罠があれば人はそれを警戒する。疑心暗鬼は足を鈍らせ、精神を摩耗させる。小さな傷も積み重なれば大きな物となり、体力を奪っていく。
だが敵がたった一人であるならばあまり意味がない。直接打倒した方が手っ取り早いしコストもかからないからだ。
まあ、罠にかかったならいい。捕らえに行くぞ
落とし穴と言っても致死性のものではない。行動力を奪うためのものだ。一人であれば這い上がることも不可能だろう。
いえ穴の中から飛び出てきました
何せここは最下層だ。下の層に突き出る心配がないから、壁や床を操ることの出来るOlにとっては、深くする分にはいくらでも深い穴を掘ることが出来る。かなり深くした上に、すり鉢状の逆に下に行くほど広くなる穴を掘ったから壁面を伝って登ることも不可能なはず。
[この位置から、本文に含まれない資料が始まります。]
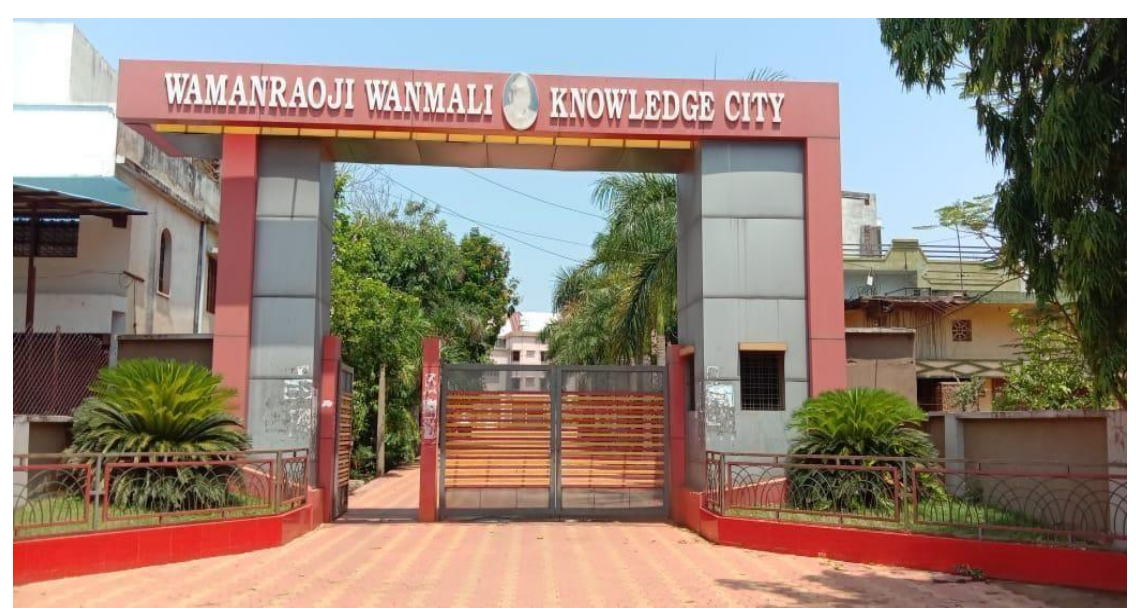
Well-developed Cycas plants on each side of college entrance gate.
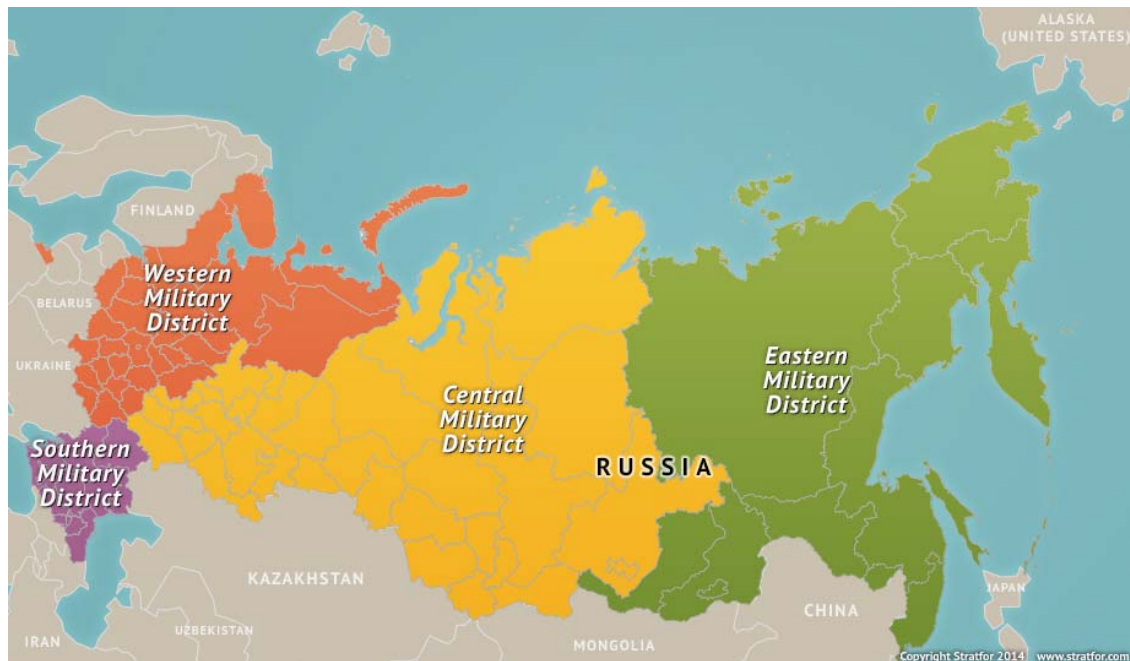
Figure 2. Russia's Military Districts 49

In 2010, a major change in the organization of the Russian Armed Forces occurred—four new military districts were created, instead of the former six; one of them, the SMD, became responsible for the strategic southern and southwestern direction. It united the land and the air forces stationed on its territory as well as the Black Sea Fleet and the Caspian Flotilla. Basically, the territory of the military district includes all the land between the Black and the Caspian Seas, north to the Caucasus mountain range and the northern shores of the both seas, as outlined in Figure 2. 48
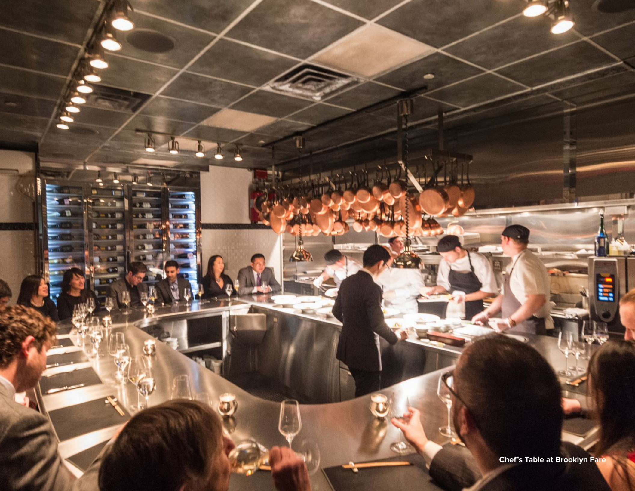
Chef's Table at Brooklyn Fare
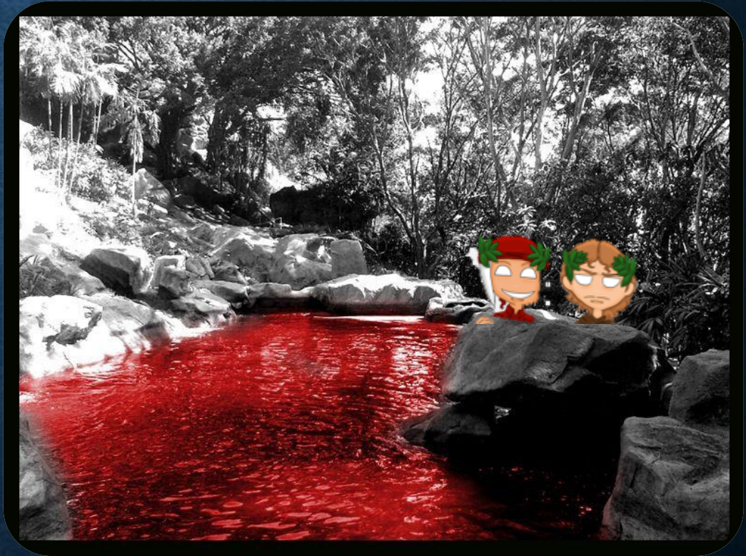
Boiling bloody river, Guarded by Minotaur
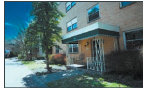
614 11th Ave Apt. 3A - $99,900 Huntington, WV 25701 2 BR, 1 Ba - 1,200 Sq. Ft. Condo
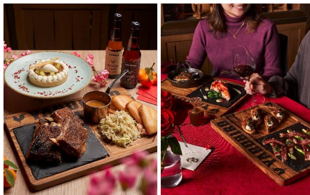
(from L to R): Yardbird ushers in Lunar New Year with slow cooked lamb Denver ribs and pineapple tart , while Yardbird's platter of land & sea sets the stage for romance this Valentine's Day

For reservations, visit marinabaysands.com/restaurants/rise.html .

す、すごい勢いで走ってきまあっまた罠にかかった。吊るされてます
吊るされたということは引っかかったのはくくり罠(ワイヤートラップ)だろう。見づらく迷彩された紐に脚を引っ掛けると、輪にした紐が脚を締め付けそのまま中空に吊り下げるという罠だ。
森の中に張るならともかく、紐を隠すもののないダンジョン内では比較的発見が容易で避けやすい罠なのだが
あっ、紐を引きちぎって降りてすぐ落ちました!?
それを跨いで避けると、直後の落とし穴に落ちるように設置してあった。いわゆる二段構えの罠なのだが、ご丁寧にその両方に引っかかるとは、よほど注意力のない相手らしい。
あっでもまた出てきました!だいぶ頭に来てるみたいです!すごい速度で走ってあっ、捕捉範囲から抜けちゃいました
まあそうなるだろうな、とOlは額を押さえる。一つ目の落とし穴と深さにそう差はないのだから、抜け出すだろう。普通ならば冷静さを失った相手というのは罠にはめるのに最適なのだが、ラディコはそれを強引に突破するパワーを持っているらしい。
詳しい事情を探るため、罠の大半を非殺傷性にしておいたのが仇になった。部屋の外からドカバキと破砕音が聞こえてくる。ラディコはだいぶ近づいてきたようだ。
あっ、サルナークが戦闘に入りました。えっ嘘!?鋼の盾に物理攻撃は効かないはずじゃあ
フローロが驚きに目を見開くが、Olは驚かなかった。敵が一人であるという時点で半ば予想していたことだ。サルナークの能力を知った上で突撃してきたなら、それをどうにかする手段を持っているのは当たり前のことだ。
フローロ、来い
Olはフローロの肩をぐいと抱き寄せる。その次の瞬間、Olが設置しておいた扉が弾け飛んで、先程までフローロがいた空間を切り裂き、壁に当たって粉々に砕けた。